A Bioinformatics Pipeline to Accurately and Efficiently Analyze the MicroRNA Transcriptomes in Plants

* These authors contributed equally
This article has been accepted and is currently in production

Abstract

MicroRNAs (miRNAs) are 20- to 24-nucleotide (nt) endogenous small RNAs (sRNAs) extensively existing in plants and animals that play potent roles in regulating gene expression at the post-transcriptional level. Sequencing sRNA libraries by Next Generation Sequencing (NGS) methods has been widely employed to identify and analyze miRNA transcriptomes in the last decade, resulting in a rapid increase of miRNA discovery. However, two major challenges arise in plant miRNA annotation due to increasing depth of sequenced sRNA libraries as well as the size and complexity of plant genomes.

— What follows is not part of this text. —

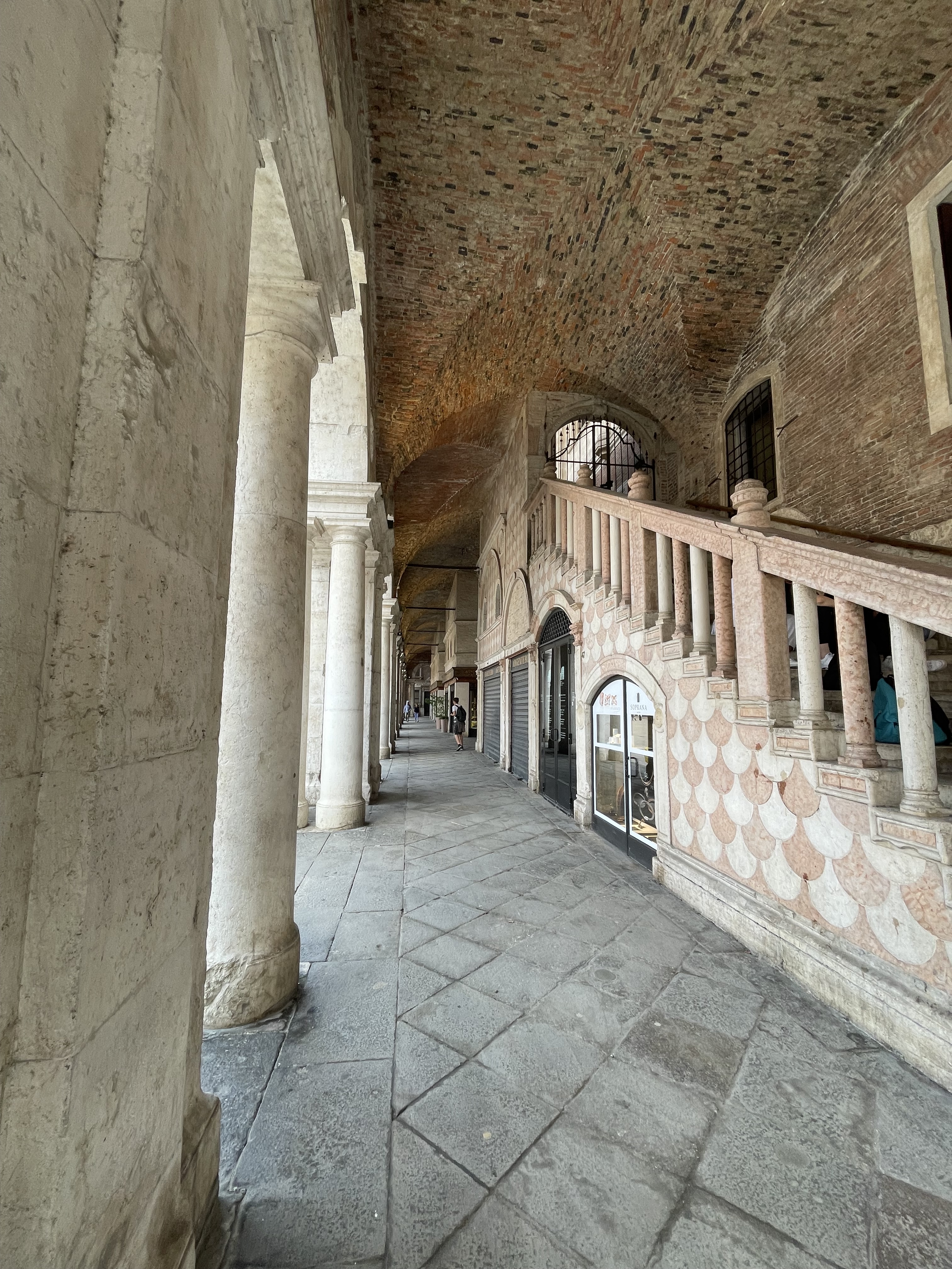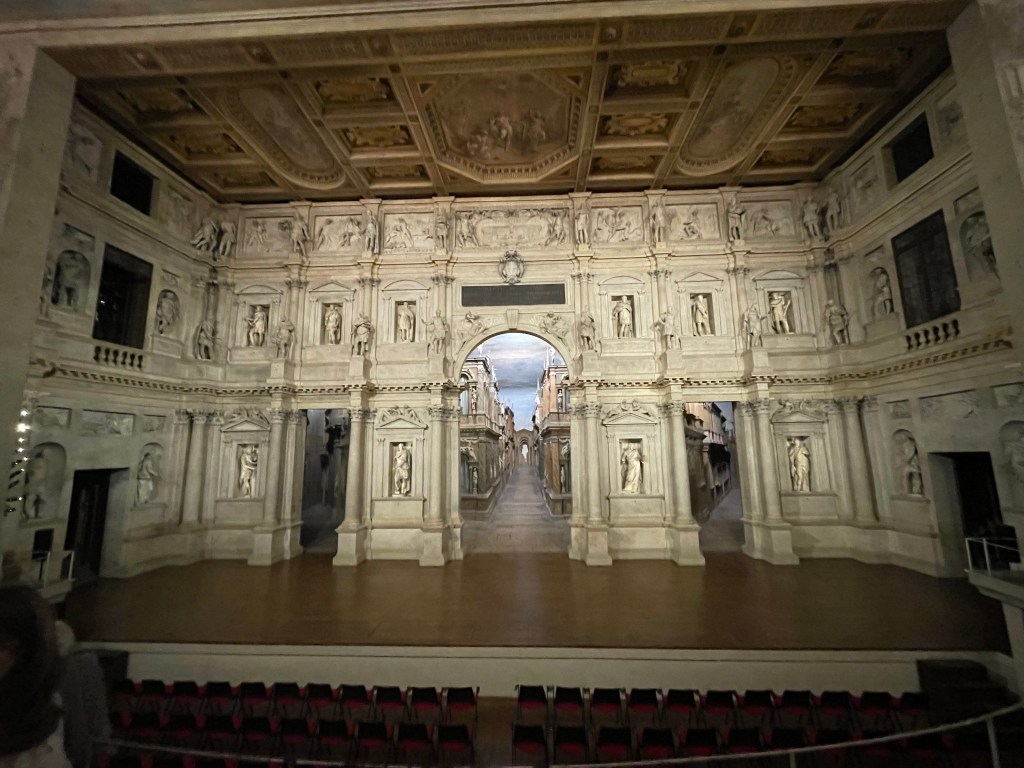 Happily, they had an audio guide that actually downloaded to our phones (almost never works) and we were able to wander the old city of Vicenza discovering some of Palladio’s buildings. We started with the Olympic Theatre built in 1585. The theatre is the same today as when it was built, the stage set a remarkable design with 7 streets (only able to see all 7 if you move about the theatre) which was the city of Thebes since they were putting on Greek plays. It was the first covered theatre ever and the set design was only dismantled once, during WWII, to protect it, putting it in the basement of the basilica.

First, many other types of sRNAs, in particular, short interfering RNAs (siRNAs) from sRNA libraries, are erroneously annotated as miRNAs by many computational tools. Second, it becomes an extremely time-consuming process for analyzing miRNA transcriptomes in plant species with large and complex genomes. To overcome these challenges, we recently upgraded miRDeep-P (a popular tool for miRNA transcriptome analyses) to miRDeep-P2 (miRDP2 for short) by employing a new filtering strategy, overhauling the scoring algorithm and incorporating newly updated plant miRNA annotation criteria. We tested miRDP2 against sequenced sRNA populations in five representative plants with increasing genomic complexity, including Arabidopsis, rice, tomato, maize and wheat. The results indicate that miRDP2 processed these tasks with very high efficiency. In addition, miRDP2 outperformed other prediction tools regarding sensitivity and accuracy. Taken together, our results demonstrate miRDP2 as a fast and accurate tool for analyzing plant miRNA transcriptomes, therefore a useful tool in helping the community better annotate miRNAs in plants.